If it’s not your monitor, then I’m sorry to say it’s your…
Reason 6: GPU
GPUs break. I won’t say they break often, but because of thermal stresses on GPUs they’re one of the more likely things to break in your computer.
Unfortunately, as I mentioned above, GPUs are complex computing devices. They’re typically 4-8 layer printed circuit boards, or PCBs, with thousands of components on them. Alternatively, they may be a partition of the CPU package, which is the chip that runs your computer.
Diagnosing specific problems can be straightforward. Fixing them is almost impossible for even most electronics enthusiasts. I’m not saying it can’t be done, just that it is likely to be expensive if it can. A more practical solution here may be replacing your CPU or GPU, depending on which houses the GPU at issue.
Still, I’d recommend some rudimentary attempts at repair. It could be dirt in the GPU’s video out ports or the GPU may be unseated if the computer was jostled. Do not try this with your CPU.
Turn off your computer and unplug the power and video cables from the back. Remove the side panel. Unplug the power cables from your GPU (if applicable) and remove the GPU from the computer case.
Dip a paper towel in 99% rubbing alcohol. Gently rub the PCIe connectors at the bottom of the card to clean them. Gently clean the video out ports with an alcohol-saturated q-tip. Gently do the same for the motherboard PCIe connector.
I emphasize gently because any damage to any of those three points and a potentially working GPU and motherboard become very expensive paperweights.

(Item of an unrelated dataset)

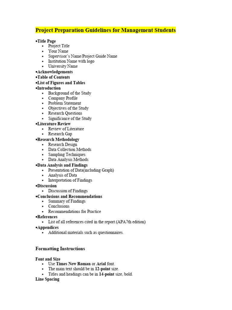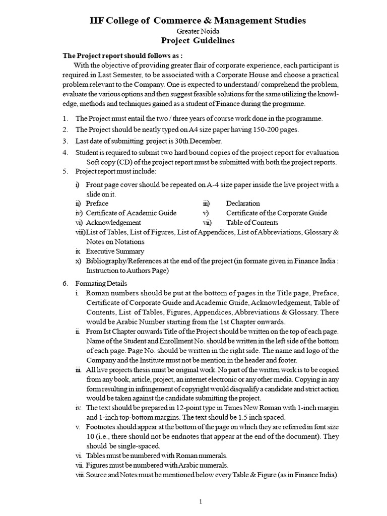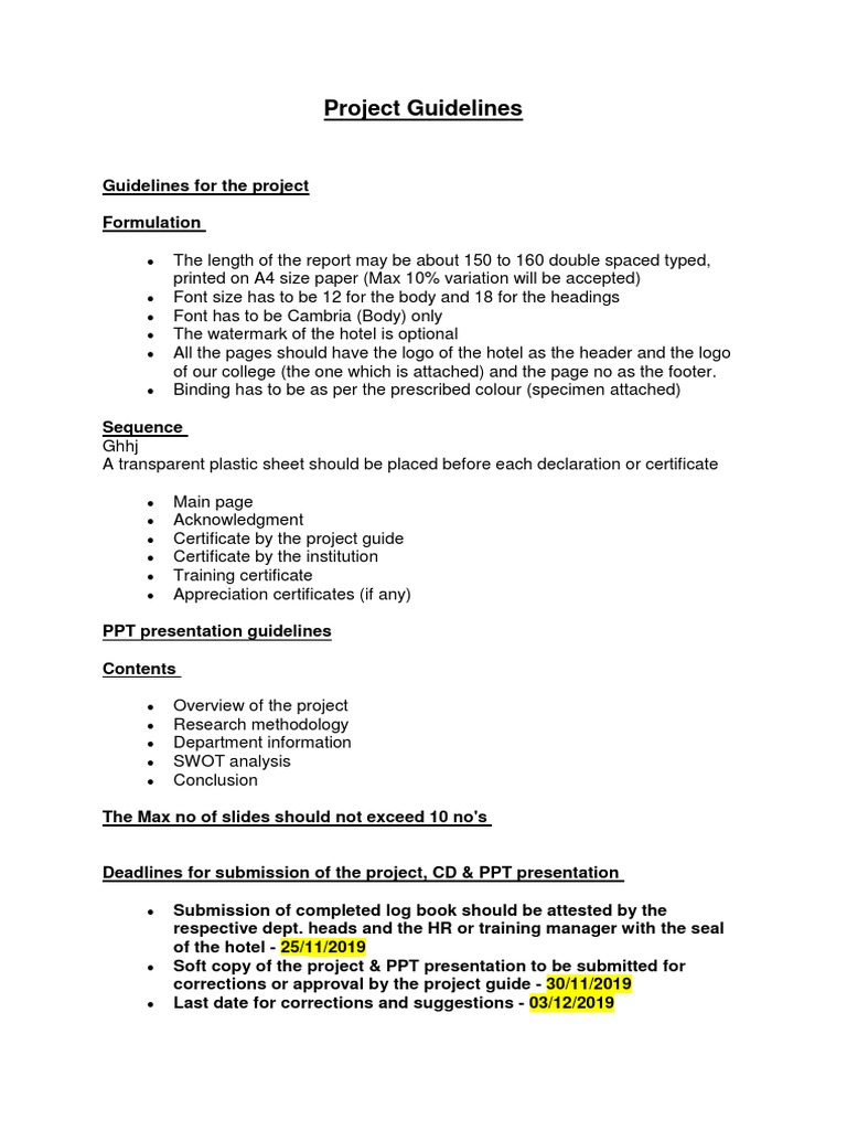 Guideline / Instructions For Project Work Are As Follows | PDF

Let everything dry. Inspect the PCIe and GPU video out ports for debris. Use canned air to blow them out if there is. Then reinstall the GPU, close your computer, and try it out. If it works, great! If not, don’t write off your GPU yet. It could be…
Reason 7: Power Delivery Issues
Power supplies age and cease operation. They’re probably the most common computer component to do so.
They’re also rated to a specific power output at maximum load. If you recently upgraded computer components and not your power supply, then you may be underpowering your computer.
If you troubleshot your GPU and it’s still not working, try replacing your power supply first. In many situations, it’ll be less expensive than replacing your GPU. You may also want to upgrade its maximum power output while you’re at it, especially if you upgraded other computer components.
Fortunately, there are numerous causes for temporary monitor blanking. Many of those can be easily discerned by most home users and are relatively straightforward to solve. Unfortunately, a couple of those causes can be quite difficult to manage and require professional help.
I would recommend that you do what you can and what you’re comfortable with before seeking that help. Don’t hesitate to get help for your computer, though. It will give you peace of mind and a trouble-free computing experience.